▸ Task goal:
Pictures are to be omitted. Output only the lines from the one containing "パリの蚤の市で見つけたアイレット刺繍が入ったコットンレース" through the end of the data, word for word.

▸ Exercise material:
■ ■ ■

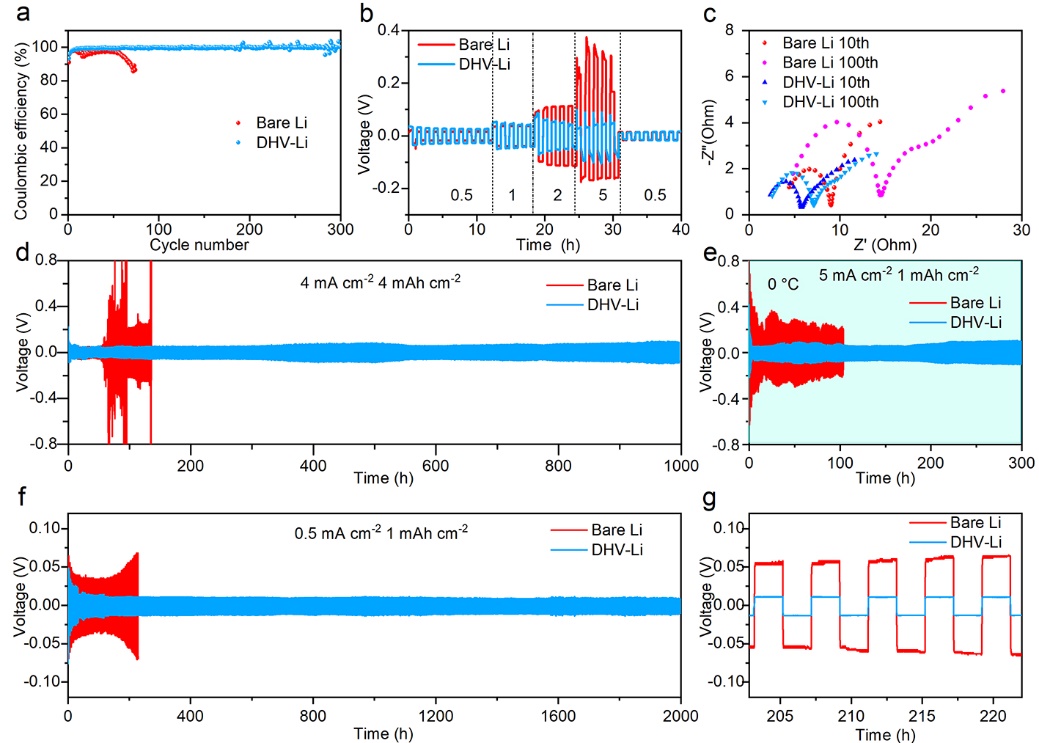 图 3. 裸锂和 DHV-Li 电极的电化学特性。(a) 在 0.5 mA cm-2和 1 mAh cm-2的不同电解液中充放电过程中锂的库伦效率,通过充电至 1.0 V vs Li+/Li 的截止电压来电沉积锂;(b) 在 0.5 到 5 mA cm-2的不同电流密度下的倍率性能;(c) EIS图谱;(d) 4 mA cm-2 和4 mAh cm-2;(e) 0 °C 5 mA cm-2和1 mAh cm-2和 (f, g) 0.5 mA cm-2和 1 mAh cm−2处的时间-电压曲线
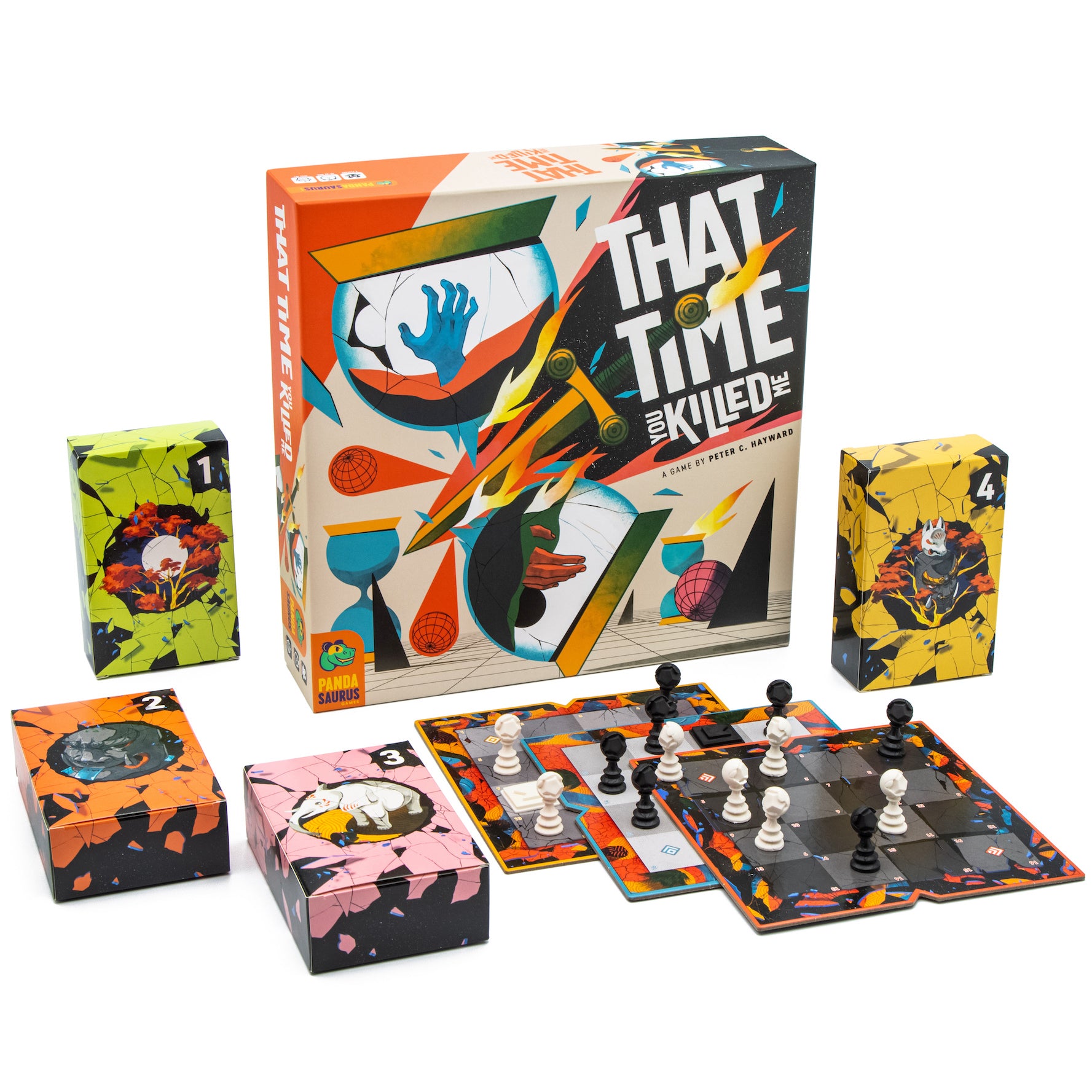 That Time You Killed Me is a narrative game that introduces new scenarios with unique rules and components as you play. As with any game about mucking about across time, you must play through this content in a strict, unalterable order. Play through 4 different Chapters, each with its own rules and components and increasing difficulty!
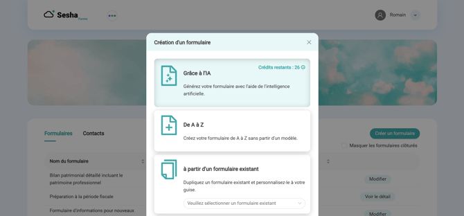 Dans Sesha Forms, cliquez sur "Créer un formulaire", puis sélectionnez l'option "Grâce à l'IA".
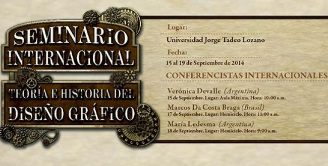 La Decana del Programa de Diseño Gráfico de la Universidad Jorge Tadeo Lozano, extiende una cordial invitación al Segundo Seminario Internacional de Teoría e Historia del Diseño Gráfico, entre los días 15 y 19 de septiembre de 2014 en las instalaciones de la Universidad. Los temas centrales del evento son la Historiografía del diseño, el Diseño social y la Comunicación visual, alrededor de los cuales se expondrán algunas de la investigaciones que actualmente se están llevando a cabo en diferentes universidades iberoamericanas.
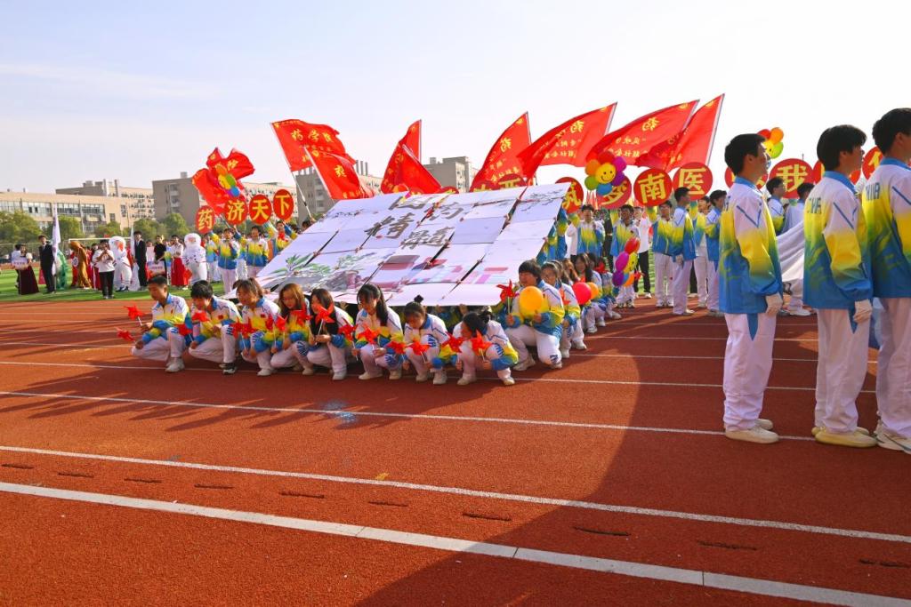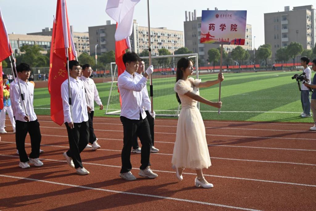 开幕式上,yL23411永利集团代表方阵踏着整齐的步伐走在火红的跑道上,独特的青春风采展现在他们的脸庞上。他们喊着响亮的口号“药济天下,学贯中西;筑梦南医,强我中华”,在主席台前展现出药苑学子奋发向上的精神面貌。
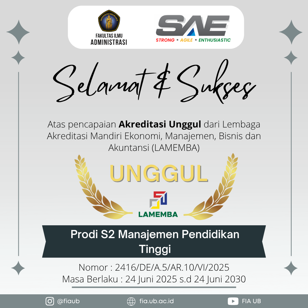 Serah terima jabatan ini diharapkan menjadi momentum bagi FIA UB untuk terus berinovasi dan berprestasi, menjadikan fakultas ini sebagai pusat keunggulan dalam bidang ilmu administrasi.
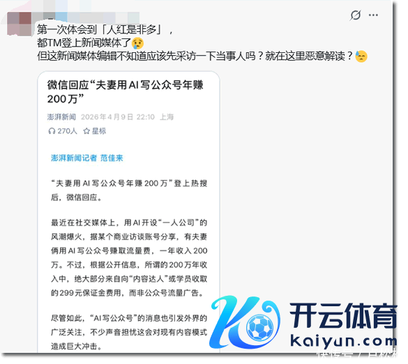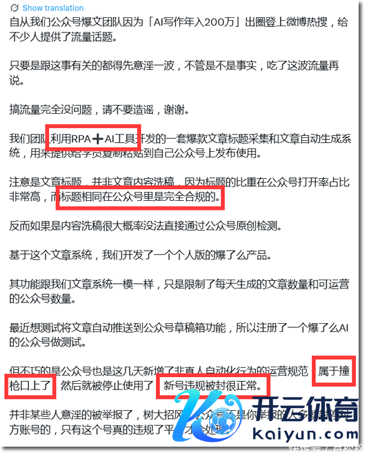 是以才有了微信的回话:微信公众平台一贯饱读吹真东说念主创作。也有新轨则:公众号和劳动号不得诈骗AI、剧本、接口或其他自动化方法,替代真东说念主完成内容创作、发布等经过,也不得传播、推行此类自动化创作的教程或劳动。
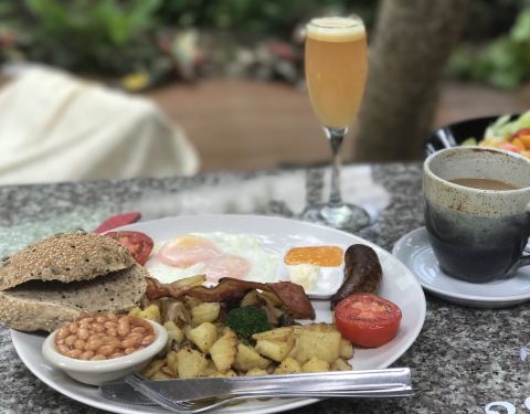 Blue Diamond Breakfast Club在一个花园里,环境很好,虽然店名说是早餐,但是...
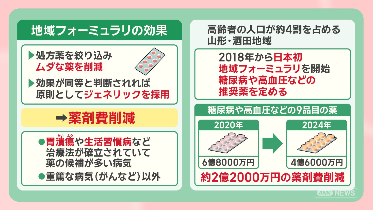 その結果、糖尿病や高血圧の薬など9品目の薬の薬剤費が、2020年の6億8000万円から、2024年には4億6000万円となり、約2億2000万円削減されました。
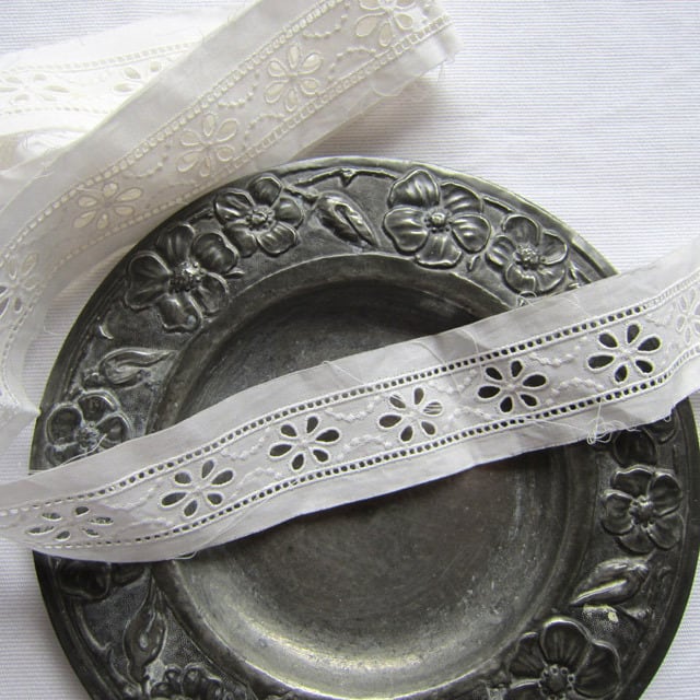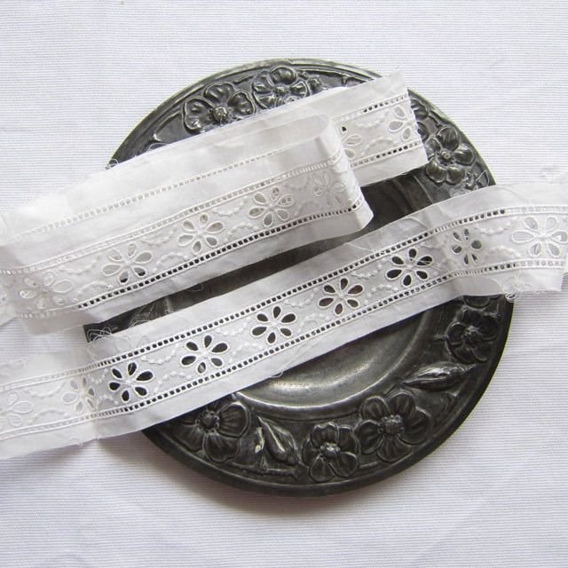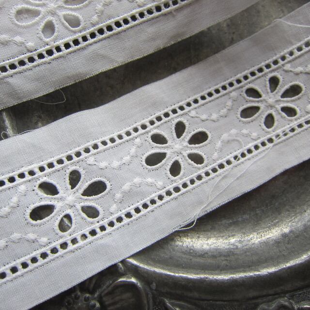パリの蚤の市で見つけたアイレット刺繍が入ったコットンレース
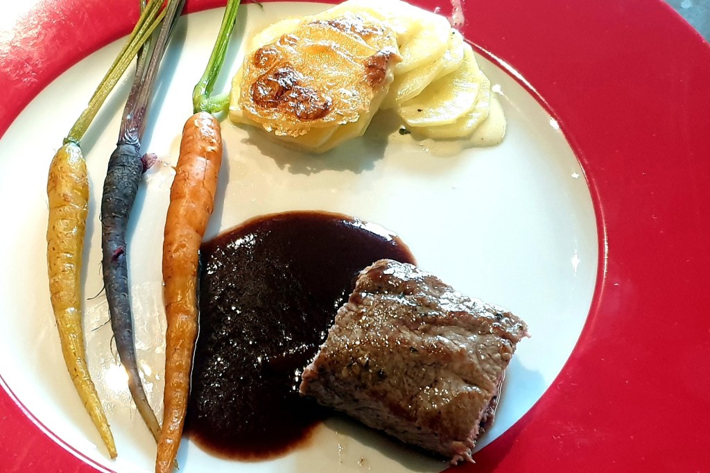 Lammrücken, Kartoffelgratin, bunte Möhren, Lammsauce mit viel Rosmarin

■ ■ ■

▸ Problem solution:
パリの蚤の市で見つけたアイレット刺繍が入ったコットンレース
 Lammrücken, Kartoffelgratin, bunte Möhren, Lammsauce mit viel Rosmarin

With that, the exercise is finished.